According to the World Health Organization, chest computed tomography (CT) represents one of the major imaging instruments for the detection of lung injury in COVID-19 patients [9]. Typical early pulmonary CT images of COVID-19 pneumonia show pulmonary parenchyma involvement revealing ground-glass opacities. The injury becomes more extended and evolves in consolidation 7–10 days after the onset of the initial symptoms [10, 11]. Moreover, lung involvement and its visual assessment on CT have been used as a prognostic tool, for instance, to predict mortality in COVID-19 intensive unit care patients [12]. The limit of the visual assessment, mainly due to the inter-reader variability in observation [13], has been recently overcome by several automatic software such as Computer-Aided Lung Informatics for Pathology Evaluation and Rating (CALIPER), used for the analysis and quantification of parenchymal lung abnormalities on chest CT. CALIPER has already been widely applied for the analysis and quantification of diffuse parenchymal lung abnormalities, measuring the distribution of ground-glass opacity areas defined as the CALIPER interstitial lung disease (ILD) parameter [14]. Interestingly, recent studies highlight a significant increase in the CALIPER ILD parameter among COVID-19 patients with poorer outcomes [15], as well as a rise in the CALIPER vascular-related structure volume (VRS) percentage in patients admitted to the intensive care unit [16]. Moreover, CALIPER software has been used to quantify COVID-19 pneumonia abnormalities in survivors from the acute phase to 24-month follow-up [17]. Unfortunately, the limited diffusion and high cost of CT automatic software CALIPER often restrict its use in patients' routine analysis. On the contrary, hematological assays are commonly employed. Despite some blood peripheral parameters that have been related to the pathogenesis and severity of COVID-19 [18-20], the evidence about discriminant values able to reveal the entity of lung injury at the time of hospital admission is still limited [21]. Notably, identifying blood markers that correlate with the extent of lung damage could assist clinicians in more efficient and faster prediction of disease progression. This approach may reduce reliance on CT scans, lower healthcare costs, and help limit the spread of the virus.

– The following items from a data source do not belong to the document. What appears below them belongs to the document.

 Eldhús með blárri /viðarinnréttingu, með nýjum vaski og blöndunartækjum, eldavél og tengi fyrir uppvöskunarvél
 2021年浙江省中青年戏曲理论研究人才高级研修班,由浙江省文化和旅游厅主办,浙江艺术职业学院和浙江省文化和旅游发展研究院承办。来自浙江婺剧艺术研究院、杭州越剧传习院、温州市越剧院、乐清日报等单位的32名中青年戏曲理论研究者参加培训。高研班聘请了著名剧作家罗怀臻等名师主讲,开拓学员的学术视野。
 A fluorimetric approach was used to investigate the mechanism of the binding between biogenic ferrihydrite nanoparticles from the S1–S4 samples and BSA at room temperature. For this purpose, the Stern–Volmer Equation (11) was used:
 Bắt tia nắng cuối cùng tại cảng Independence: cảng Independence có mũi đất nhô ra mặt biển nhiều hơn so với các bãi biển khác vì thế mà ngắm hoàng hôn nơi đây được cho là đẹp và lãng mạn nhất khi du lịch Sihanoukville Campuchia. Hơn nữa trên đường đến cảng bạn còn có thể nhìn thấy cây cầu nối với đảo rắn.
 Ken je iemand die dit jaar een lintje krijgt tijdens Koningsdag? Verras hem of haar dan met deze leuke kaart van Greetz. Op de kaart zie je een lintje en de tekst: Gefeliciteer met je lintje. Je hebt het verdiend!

Herein, the relationship between lung damage, quantified by CALIPER, and levels of specific blood parameters related to tissue oxygenation (hemoglobin [Hb], ferritin, partial arterial oxygen pressure [pO₂], partial arterial carbon dioxide pressure [pCO₂], and lactates) and tissue damage (lactate dehydrogenase [LDH]) was investigated using a retro-prospective dataset from SARS-CoV-2-positive patients at hospital admission. Separate analyses were conducted on the retrospective and prospective datasets, employing Classification and Regression Trees (CART). Due to a significant number of missing values in the prospective dataset, a preliminary multiple imputation procedure was applied.

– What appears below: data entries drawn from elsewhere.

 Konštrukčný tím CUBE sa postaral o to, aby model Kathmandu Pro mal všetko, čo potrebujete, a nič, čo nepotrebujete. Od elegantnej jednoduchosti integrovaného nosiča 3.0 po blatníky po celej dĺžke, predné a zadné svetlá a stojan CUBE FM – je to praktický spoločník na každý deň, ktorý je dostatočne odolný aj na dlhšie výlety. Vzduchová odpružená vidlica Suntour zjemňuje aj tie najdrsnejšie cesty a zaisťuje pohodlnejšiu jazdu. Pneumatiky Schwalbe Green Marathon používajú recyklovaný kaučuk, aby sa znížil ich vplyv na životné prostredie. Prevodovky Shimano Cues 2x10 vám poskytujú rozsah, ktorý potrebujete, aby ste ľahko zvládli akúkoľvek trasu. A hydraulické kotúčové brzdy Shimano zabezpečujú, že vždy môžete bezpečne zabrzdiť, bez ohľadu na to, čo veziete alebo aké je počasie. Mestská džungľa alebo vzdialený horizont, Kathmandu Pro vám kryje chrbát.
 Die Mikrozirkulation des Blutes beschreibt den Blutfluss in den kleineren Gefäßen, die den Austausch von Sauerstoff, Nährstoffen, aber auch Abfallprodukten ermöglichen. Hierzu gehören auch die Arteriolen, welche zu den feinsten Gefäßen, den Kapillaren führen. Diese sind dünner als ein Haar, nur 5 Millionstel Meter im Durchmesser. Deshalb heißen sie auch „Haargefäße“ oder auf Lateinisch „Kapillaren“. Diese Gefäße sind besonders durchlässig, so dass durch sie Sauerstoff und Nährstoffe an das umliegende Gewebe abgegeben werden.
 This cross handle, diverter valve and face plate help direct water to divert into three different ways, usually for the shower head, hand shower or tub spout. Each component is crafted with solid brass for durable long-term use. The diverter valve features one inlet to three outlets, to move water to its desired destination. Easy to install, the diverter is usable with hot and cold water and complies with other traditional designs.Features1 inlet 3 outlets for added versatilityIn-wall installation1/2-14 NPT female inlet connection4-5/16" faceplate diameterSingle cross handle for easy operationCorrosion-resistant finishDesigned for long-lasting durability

Overall, the study aims to identify blood parameters that can early reflect lung damage in alignment with CT scan findings regardless of the specific mechanisms of lung injury. This could improve patient management during hospitalization by enabling clinicians to perform a rapid initial clinical assessment, which can later be complemented by CT scans.

2 Materials and Methods

2.1 COVID-19 Patients: Recruitment and Inclusion Criteria

Two datasets were available reporting similar information on two sets of patients. The first dataset was retrospectively collected. It included COVID-19 patients admitted to Pisa University Hospital with COVID-19 symptoms from March to April 2020. Patients were included in the study if they had a SARS-CoV-2-positive nasopharyngeal swab, analyzed by real-time PCR, and confirmation of pulmonary involvement by chest CT.

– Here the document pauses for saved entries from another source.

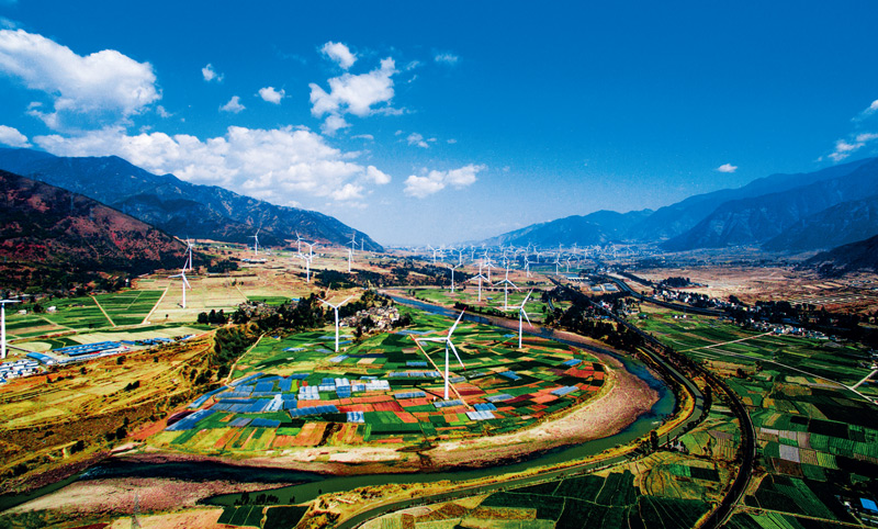 凉山州光能、风能等资源丰富,风电等产业变“动能”,帮助群众脱贫增收。图为凉山州德昌县安宁河峡谷的风电基地。 冷文浩/摄
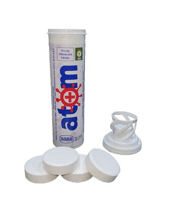 Atom Plus is a disinfectant based on Hypochlorous Acid, conveniently packed into an effervecent tablet for easy and accurate dispensing.
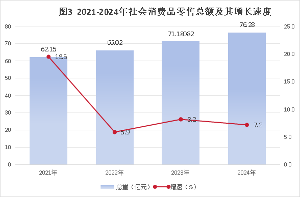 全年社会消费品零售总额76.28亿元,比上年增长7.2%。限额以上单位消费品零售额22.17亿元,增长19.9%。网上零售额2.14亿元,增长22%。
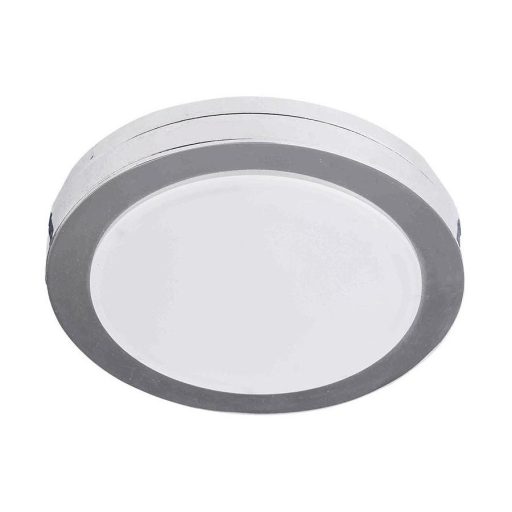 Króm színű fém vázas mennyezetbe építhető spot lámpa matt fehér műanyag betéttel, beépített LED fényforrással és IP44-es védelemmel.

The second dataset was prospectively collected. It included COVID-19 patients admitted with symptoms to the same unit from May 2021 to September 2022. Only patients with a positive swab and positive chest CT were recruited.

The study procedures were approved by the local Ethical Committee (Protocol number 17368, Pisa, 14/05/2020 for the retrospective study; Protocol number 19275, 25/02/2021 for the prospective study) and the Great North West Area of Tuscany and were in accordance with the provisions of the Declaration of Helsinki. All participants gave written informed consent for the use of their clinical data and blood samples for research purposes.

2.2 Chest CT Analysis and Quantification of Interstitial Lung Abnormalities

The chest CT analysis was performed at the emergency room entry. All CTs were anonymized and analyzed with the automatic texture analysis software CALIPER, which performs a segmentation of right and left lungs and then a texture analysis of interstitial lung abnormalities. The CALIPER ILD parameter is derived by the sum of the percentage of ground-glass and reticulation areas [22]. CT scans with severe motion artifacts or not technically adequate CALIPER CT segmentations were excluded.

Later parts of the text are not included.